**ASSIGNED TASK:** An exact reproduction is needed of every line from the beginning of the data down to and including the line that contains "Một đoạn clip", minus the pictures.

Dataset entries:
:::

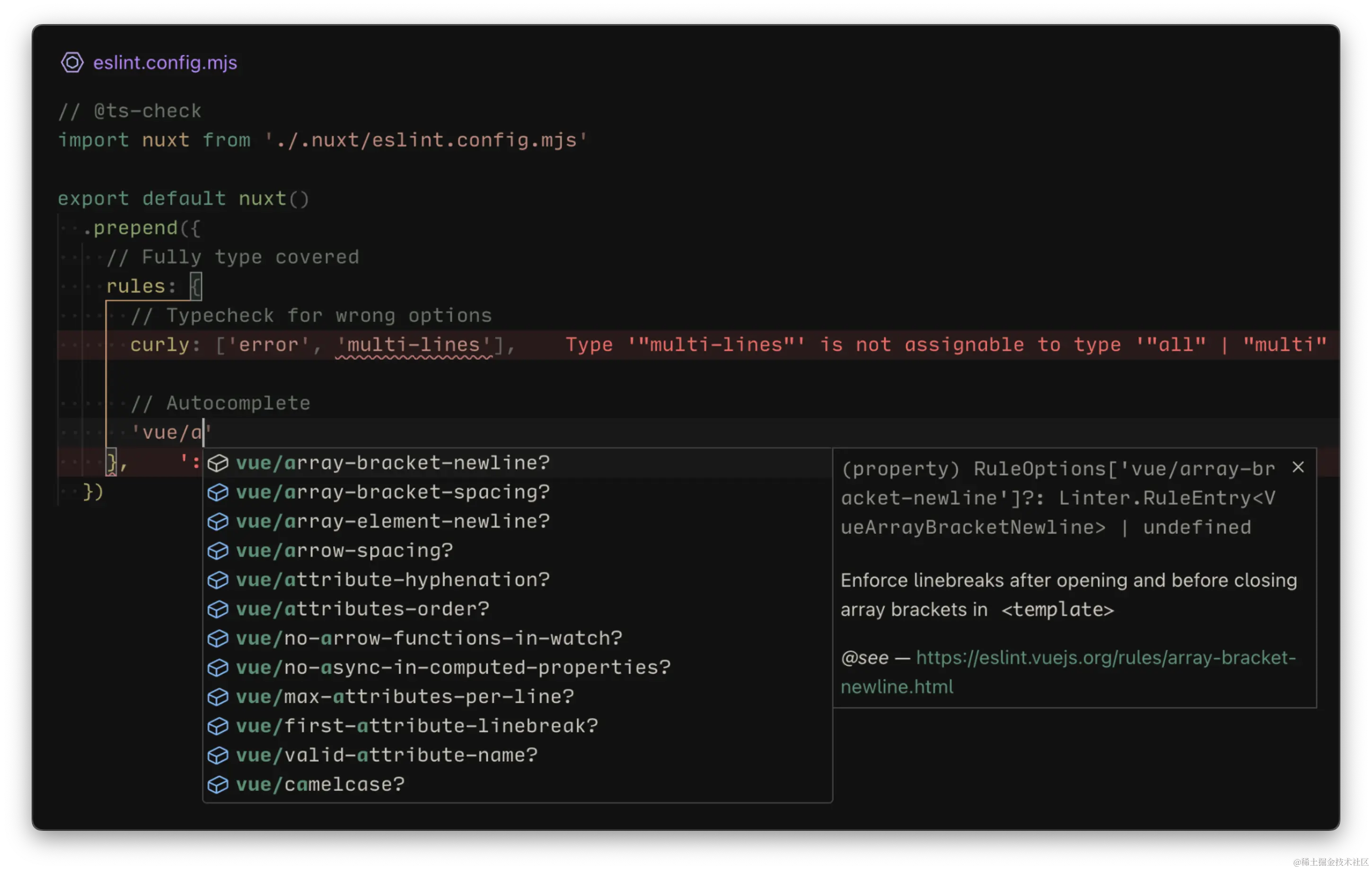 配置 ESLint 时主要的问题之一是缺乏针对规则和配置的类型信息。很难知道特定规则有哪些选项,并且需要查阅文档才能弄清楚这一点。
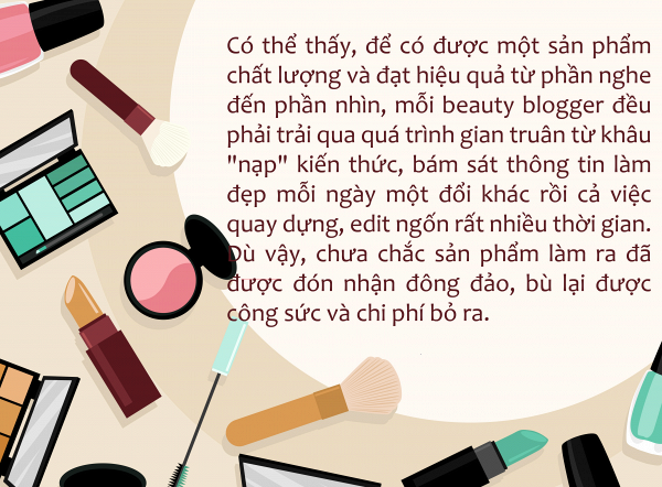 Một đoạn clip ngắn dù không quá 10 phút nhưng lượng thông tin mà nó mang lại cho cư dân mạng lại không phải chỉ gói gọn trong đó. Để vừa chia sẻ các kinh nghiệm về mỹ phẩm, các quy trình chăm sóc da, cũng như các bước make-up thế nào đúng cách thì người làm clip phải hiểu rõ hơn ai hết. Chẳng những vậy, để tạo ra được một đoạn beauty vlog gần gũi, tạo hiệu ứng lan truyền đến nhiều tín đồ làm đẹp cũng không phải là điều dễ dàng.
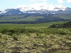 Extensive areas of nearly flat-lying lava flows throughout the Northern Cordilleran Volcanic Province can cover areas of at least 100 km2 (39 sq mi) and are generally composed of highly-fluid basaltic lava. However, lava plains that pre-date the last glacial period have been eroded and overridden by glacial ice, affording a less distinctive form to these older landforms. For example, lava beds at least a million years old in central Yukon contain unconsolidated glacial deposits that were deposited when glacial ice rode on top of the lava flows comprising the lava beds.[10]
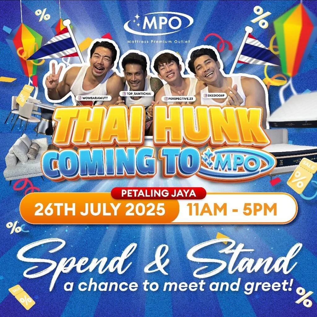 Yesterday, local social media personality Caprice shared a video on his Instagram account, revealing that the four members of Thai Hot Guys would be making an appearance at Mattress Premium Outlet (MPO) in Petaling Jaya this weekend. The event, titled “Thai Hunk Coming To MPO”, is scheduled for 26th July 2025 (Saturday) and will include meet-and-greets with the viral influencers.
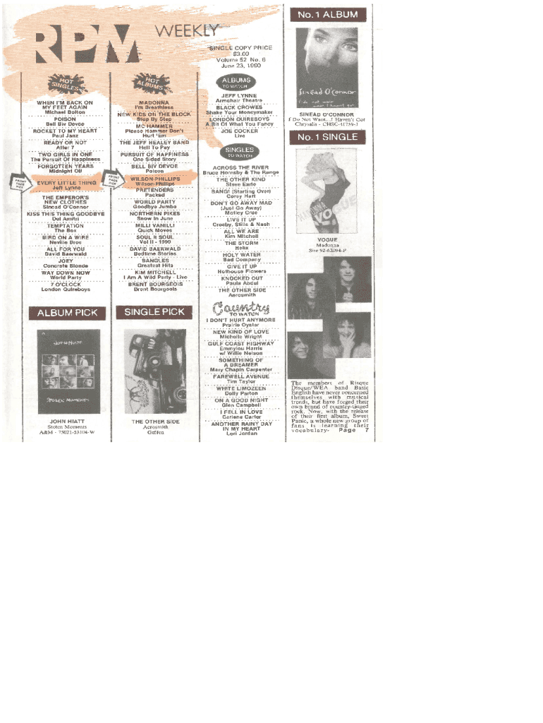 No.1 ALBUMDI Y L.4aWEEKLY SINGLE COPY PRICE $3.00Volume 52 No. 6 June 23, 1990 ALBUMS TO WATCHWHEN I\'M BACK ON MY FEET AGAIN Michael Bolton POISONMADONNAJEFF LYNNE Armchair TheatreI\'m Breathless

:::

**FINAL ANSWER:**
 配置 ESLint 时主要的问题之一是缺乏针对规则和配置的类型信息。很难知道特定规则有哪些选项,并且需要查阅文档才能弄清楚这一点。
 Một đoạn clip ngắn dù không quá 10 phút nhưng lượng thông tin mà nó mang lại cho cư dân mạng lại không phải chỉ gói gọn trong đó. Để vừa chia sẻ các kinh nghiệm về mỹ phẩm, các quy trình chăm sóc da, cũng như các bước make-up thế nào đúng cách thì người làm clip phải hiểu rõ hơn ai hết. Chẳng những vậy, để tạo ra được một đoạn beauty vlog gần gũi, tạo hiệu ứng lan truyền đến nhiều tín đồ làm đẹp cũng không phải là điều dễ dàng.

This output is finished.